Method. This study included 46 selected paraffin embedded tissue blocks from surgically resected follicular thyroid carcinoma minimally invasive, consists of 23 cases of FTC capsular invasion only and 23 cases of FTC encapsulated angioinvasive. Immunohistochemistry staining for Galectin-3 were performed on all cases. Galectin-3 protein expression was observed in the cytoplasm and the nucleus of examined tissues.
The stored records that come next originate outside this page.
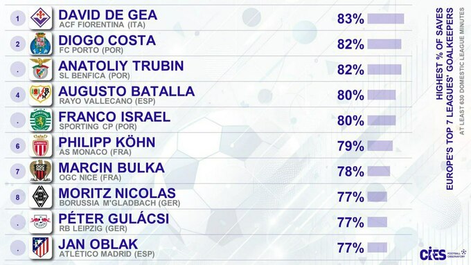 Рейтинг було складено на основі статистичних даних у топ-7 чемпіонатах Старого світу. Трубін посів у ньому друге місце разом з Діогу Коштою з «Порту» – вони відбили 82% ударів, нанесених по їхніх воротах. Випередив їх лише іспанець Давід де Хеа з «Фіорентини» (83%).
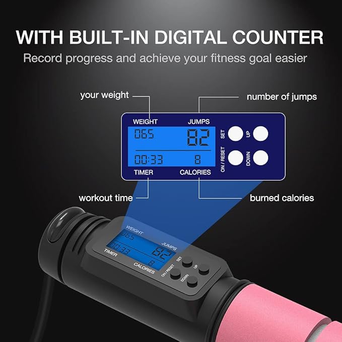 - Jump Rope with Smart Counter: Designed with HD LED display, which shows Timer, Weight, Calorie and Circles. It will record the number of circles you jump and show the calories been burn. Simply set your weight and workout to reach your fitness goal at any time
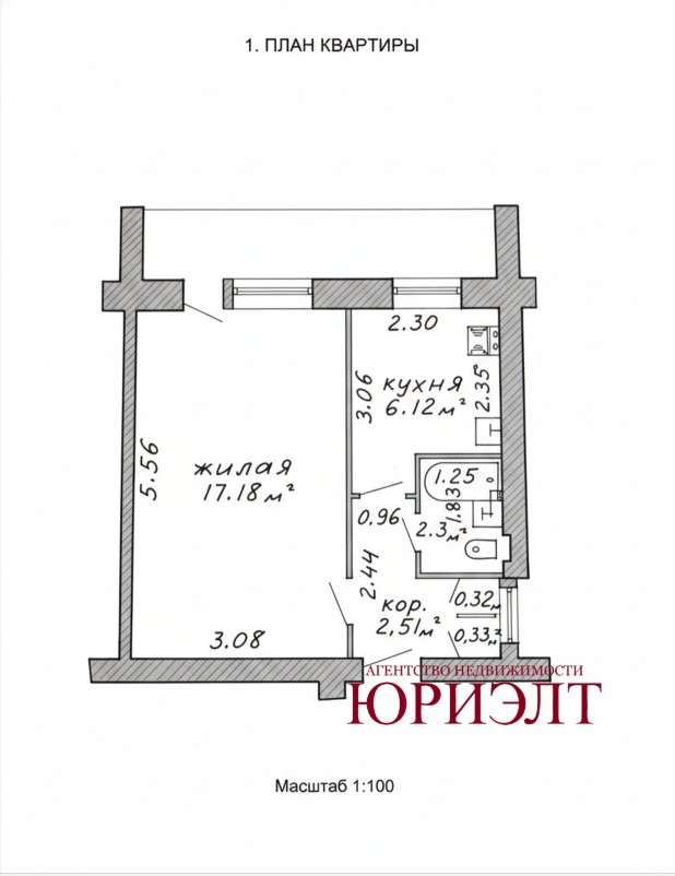 Общая площадь — 30.2 м2. Просторная жилая комната — 17.18 м2.
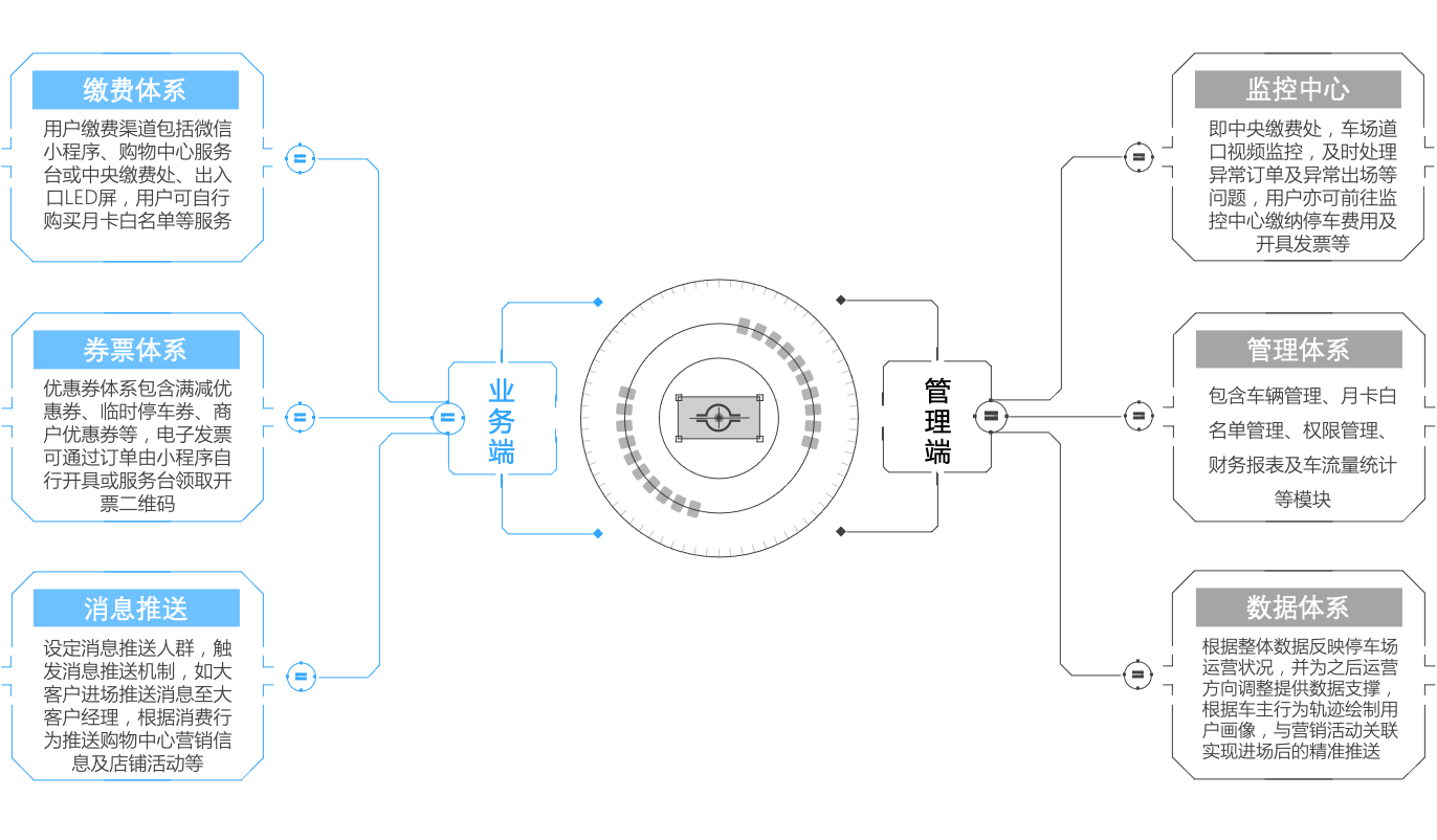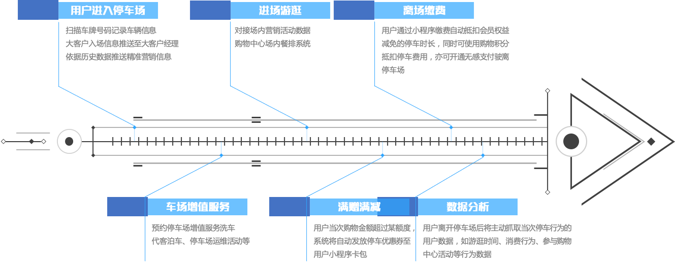 围绕提升运营效率、降低管理成本、提升用户体验及简化管理流程构建商业地产智慧停车体系通过打通购物中心会员体系、收银体系及营销活动体系等构建停车场辅助营销体系。
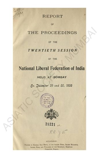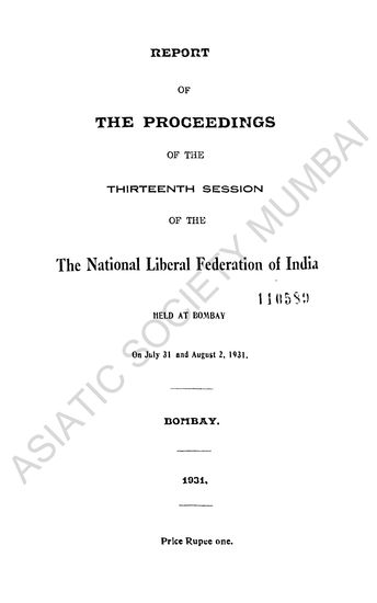 | Subject | : | Proceedings of the National Liberal Federation of India |
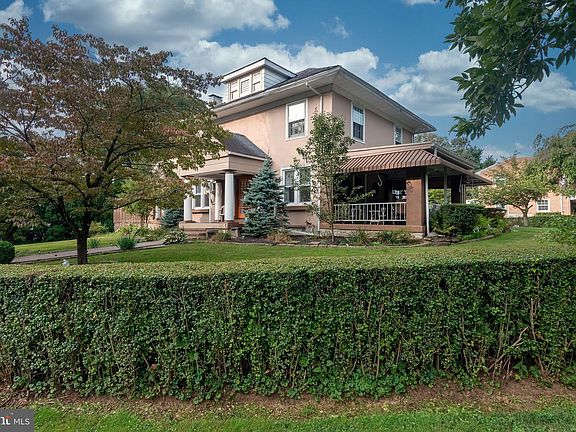 Wow! This Wyomissing beauty is sure to please! This stately home sits on a corner lot adjacent to the Fountain Park. Manicured hedges surround the home with walkways leading to the front and two covered patios. The side patio is 17X12 and enclosed with a railing and also features a ceiling fan for those hot days. The rear patio is 16x16 and outfitted with a retractable awning. There is also a 16x21 private deck on the left side of the home with 220v electric for that hot tub you've been wanting. Enter the home through the front 52" wide door into the living room area. The living room has a brick fireplace with pellet stove insert and leads into the dining room. There is also a bonus space off of the living room, currently being used as office and piano area. Also off of the living room is a sun room with french doors leading to the deck. The tile floor kitchen has exposed beams, a walk in pantry and plenty of cabinet and counter top space. Just off of the kitchen is the mud room with washer and dryer as well as a powder room. On the second floor are four bedrooms, two of which have access to their own private balconies. The third floor doesn't disappoint as it is also finished and can be used as another bedroom, craft room or other hobby. The seller has recently upgraded the heating system to a high efficiency natural gas boiler. For added peace of mind, the seller is offering a one year HSA home warranty with an acceptable agreement.
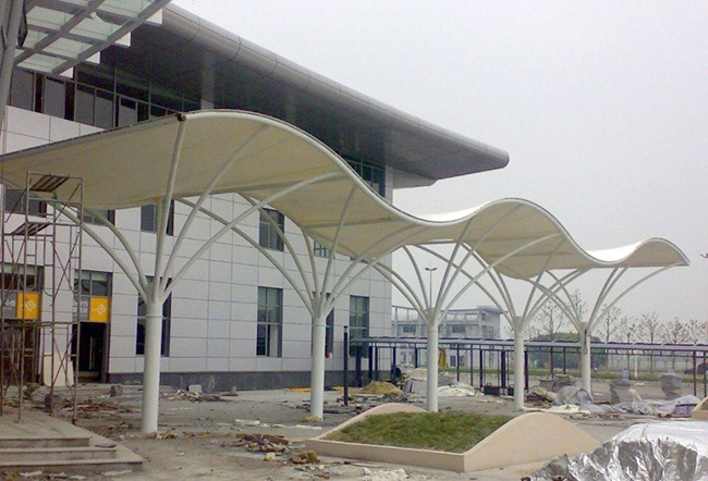 對膜結(jié)構(gòu)車棚的形狀設(shè)計、荷載分析、裁剪設(shè)計,應(yīng)在考慮施工過程的基礎(chǔ)上進(jìn)行一體化的設(shè)計。
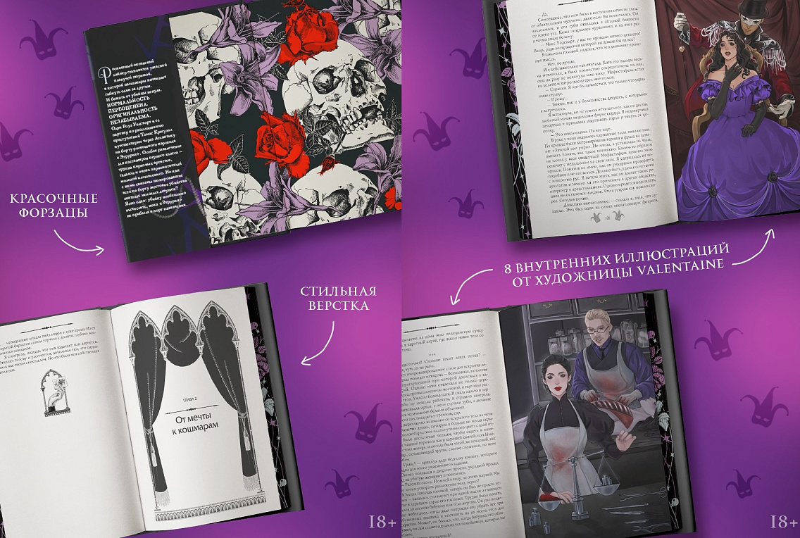 Подарочное оформление украсит полку коллекционеров. Сборник издадут в суперобложке от художницы Valentaine, с узорами на обрезе, фольгой на переплете, нарядными форзацем и нахзацем и закладкой-ляссе. Внутри найдете восемь иллюстраций и двусторонний супер-постер от художницы Karma virtanen.
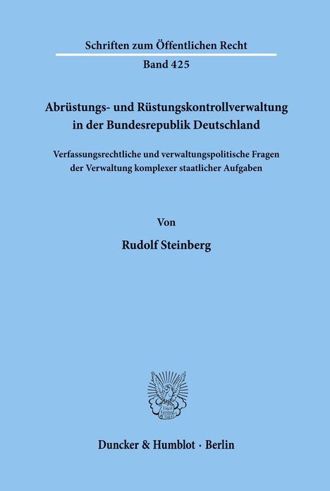 Rudolf Steinberg: Abrüstungs- und Rüstungskontrollverwaltung in der Bundesrepublik Deutschland., Kartoniert / Broschiert
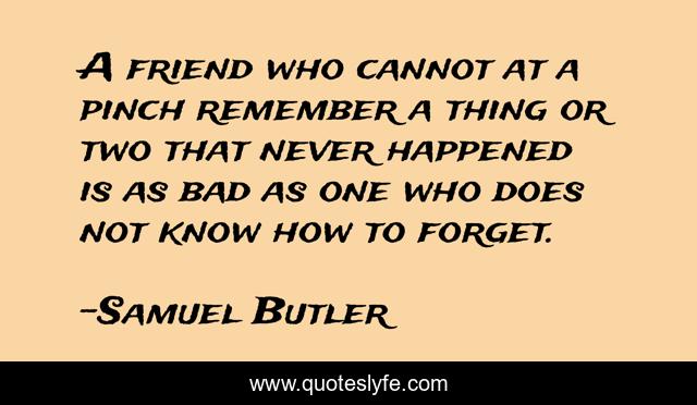 This page presents the quote "A friend who cannot at a pinch remember a thing or two that never happened is as bad as one who does not know how to forget.". Author of this quote is Samuel Butler. .
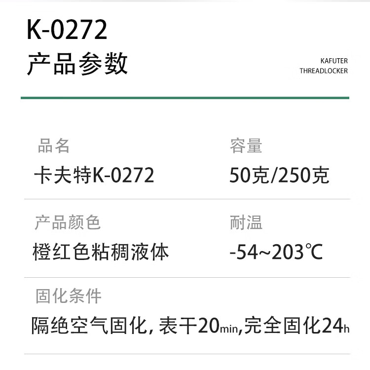 卡夫特 高强度耐高温螺纹厌氧胶 K-0272 50g 1支
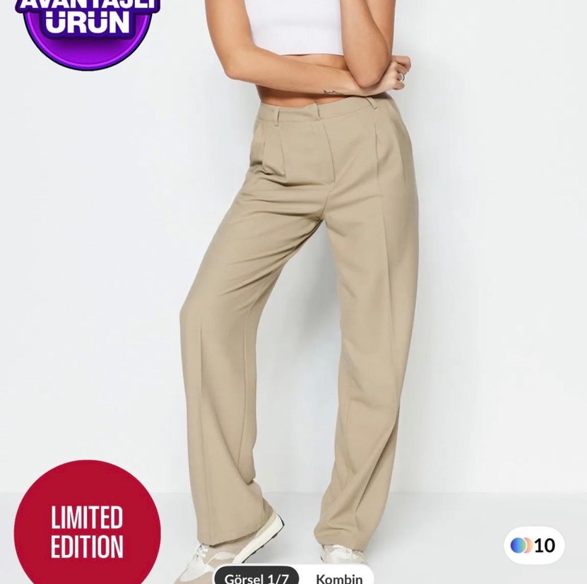1-2 kere giydim sorunsuz Bej midi uzunlukta, regular fit kadın kumaş pantolon, sentetik dokusu ve minimal tasarımıyla ofis için rahat ve şık bir seçenek sunar.

Result. Forty-three (93.5%) samples had strong or moderate staining and 3 (6.5%) tumours had negative or weak staining. Positive immunoreactivity of Galectin-3 was found in 18/23 (78.3%) cases of FTC capsular invasion only and 20/23 (86.9%) cases of FTC encapsulated angioinvasive. The galectin-3 did not show association with the sex (p=0.345), age (p=0.200), and tumour size (p=0.767). There was no significant difference of Galectin-3 immunohistochemical expression between FTC capsular invasion only and FTC encapsulated angioinvasive (p= 0.699).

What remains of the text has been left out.